0.5384136432509564062961e-7;

-0.4023533141268236372067e-8];

fact = 1.000000000000000174663;

for i = 1:10

%fact = fact + c(i) / (z + i - 1);

temp = c(i) / (z + i);

temp = 1 / (z + i);

temp = temp * c(i);

fact = fact + temp;

end

fact = fact * comm;

however removing the loop and instead hard coding the iterations as seen below

fact = 1.000000000000000174663;

fact = fact + 5716.400188274341379136 / (z + 1);

fact = fact - 14815.30426768413909044 / (z + 2);

fact = fact + 14291.49277657478554025 / (z + 3);

fact = fact - 6348.160217641458813289 / (z + 4);

fact = fact + 1301.608286058321874105 / (z + 5);

fact = fact - 108.1767053514369634679 / (z + 6);

fact = fact + 2.605696505611755827729 / (z + 7);

fact = fact - 0.007423452510201416151527 / (z + 8);

fact = fact + 0.00000005384136432509564062961 / (z + 9);

fact = fact - 0.000000004023533141268236372067 / (z + 10);

fact = fact * comm;

we see that 8.5678e-05 ms now becomes 7.3558e-05 ms or around a 15.2227% difference.

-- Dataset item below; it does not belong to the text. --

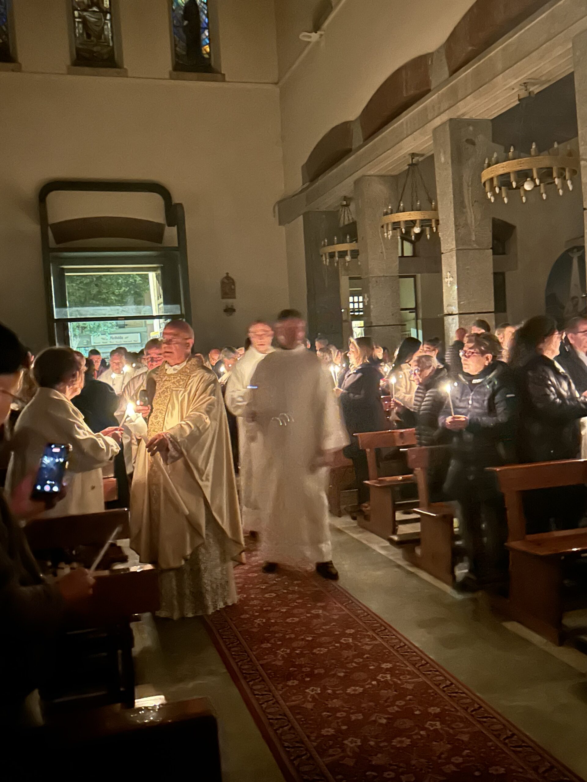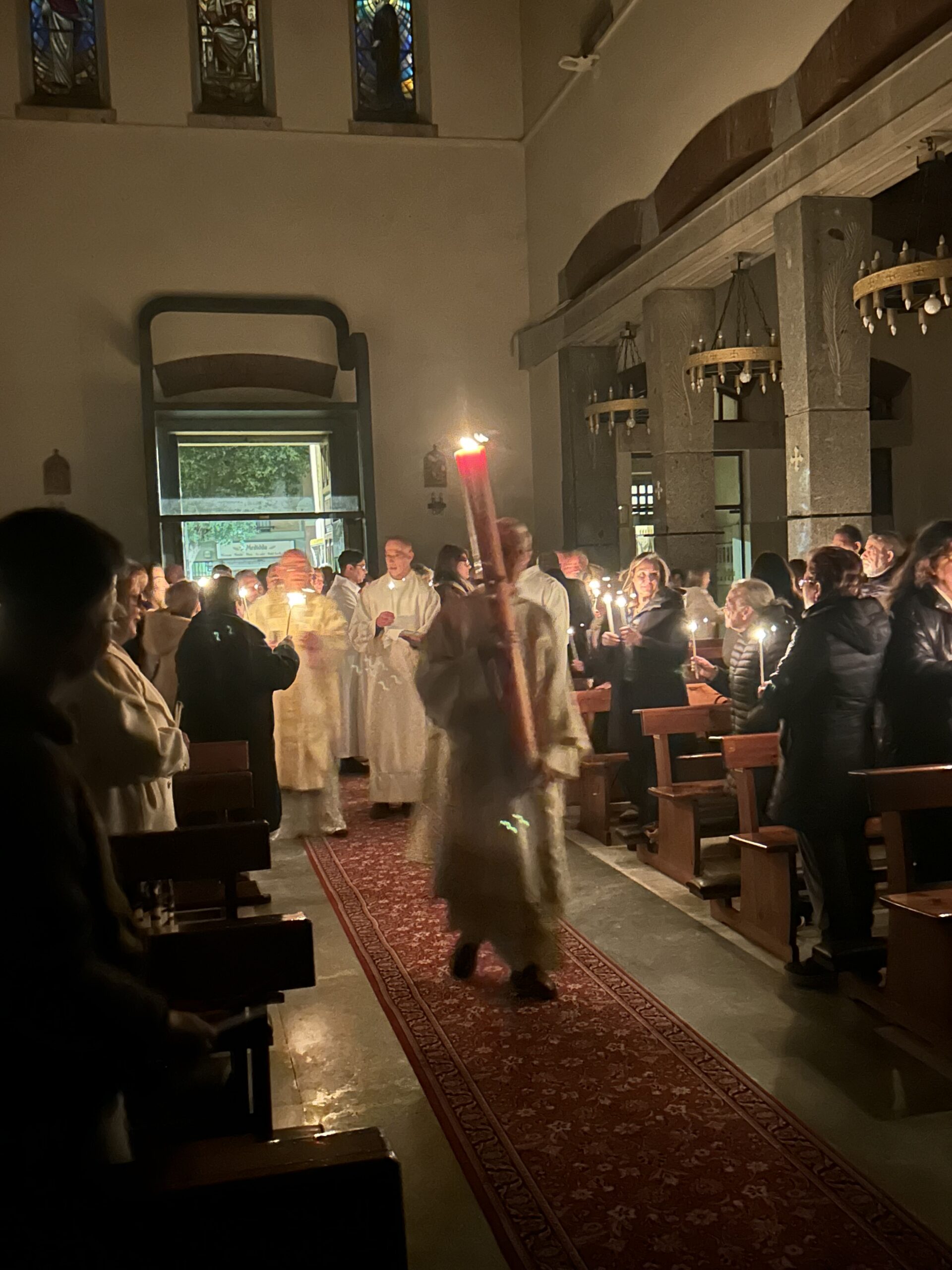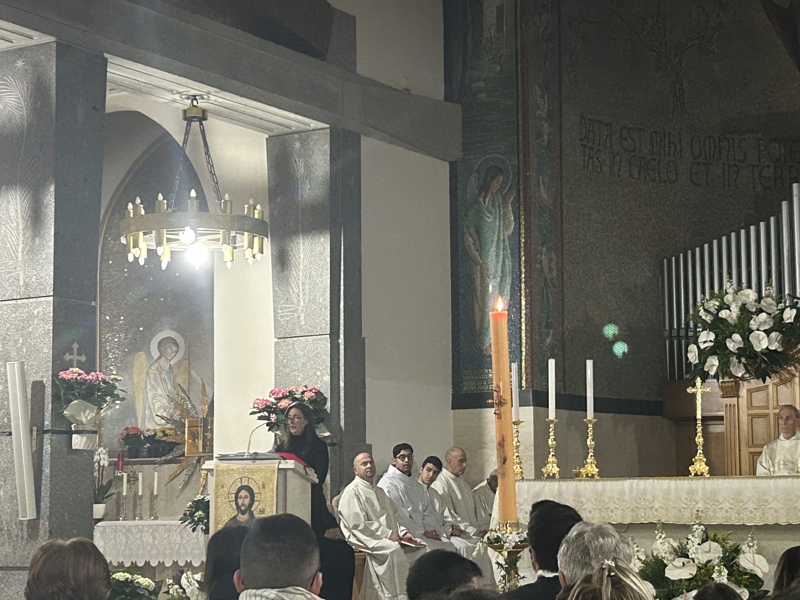 Durante la Veglia abbiamo celebrato con grande gioia la Risurrezione del Signore. Un momento particolarmente significativo per tutta la comunità è stato quando tre catecumeni hanno ricevuto i sacramenti dell’iniziazione cristiana: Battesimo, Eucarestia e Cresima.

Lanczos Approximation Calculation Code

%Uses the Lancoz Approximation

%About: https://en.wikipedia.org/wiki/Lanczos_approximation

%Main Steps: https://www.numericana.com/answer/info/godfrey.htm

function fact = lanczos(z)

%g = 9;

%n = 11;

% p = [1.000000000434457002999

% 5716.40018826882469642082

% -14815.304267303827193624659

% 14291.492770243227957671811

% -6348.160174678220466185036

% 1301.608146277464603149011

% -108.176491813501910571434

% 2.605616416699605525942

% -0.007600138516935476197

% 0.000223334913969033078

% -0.000077312348075020927];

% c = [ %1.000000000000000174663;

% 5716.400188274341379136;

% -14815.30426768413909044;

% 14291.49277657478554025;

% -6348.160217641458813289;

% 1301.608286058321874105;

% -108.1767053514369634679;

% 2.605696505611755827729;

% -0.7423452510201416151527e-2;

% 0.5384136432509564062961e-7;

% -0.4023533141268236372067e-8];

%p = double(lancoz_coef(n,g));

%Previous Version that is slower

%comm = sqrt(2 * pi)*temp^z*sqrt(temp)*exp(-temp);

%Originally used a loop but for speed did it manually

% for i = 1:10

% %fact = fact + c(i) / (z + i - 1);

% temp = c(i) / (z + i);

% temp = 1 / (z + i);

% temp = temp * c(i);

% fact = fact + temp;

% end

% fact = fact * comm;

temp = z+9.5;

comm = sqrt(2 * pi * temp);

comm = comm * exp(z * log(temp) - temp);

fact = 1.000000000000000174663;

fact = fact + 5716.400188274341379136 / (z + 1);

fact = fact - 14815.30426768413909044 / (z + 2);

fact = fact + 14291.49277657478554025 / (z + 3);

fact = fact - 6348.160217641458813289 / (z + 4);

fact = fact + 1301.608286058321874105 / (z + 5);

fact = fact - 108.1767053514369634679 / (z + 6);

fact = fact + 2.605696505611755827729 / (z + 7);

fact = fact - 0.007423452510201416151527 / (z + 8);

fact = fact + 0.00000005384136432509564062961 / (z + 9);

fact = fact - 0.000000004023533141268236372067 / (z + 10);

fact = fact * comm;

end

Precision (moving average of 10)

Timing (moving average of 10)

Loop vs Gamma vs Lancoz

Gamma and Lanczos got moving average of 10

Loop got moving average of 5

Gamma and Lanczos got moving average of 10

Loop got moving average of 5

As one would expect I didn't revolutionize anything however I came very close to MATLAB's gamma function and firmly beat the Loop which I am very proud of.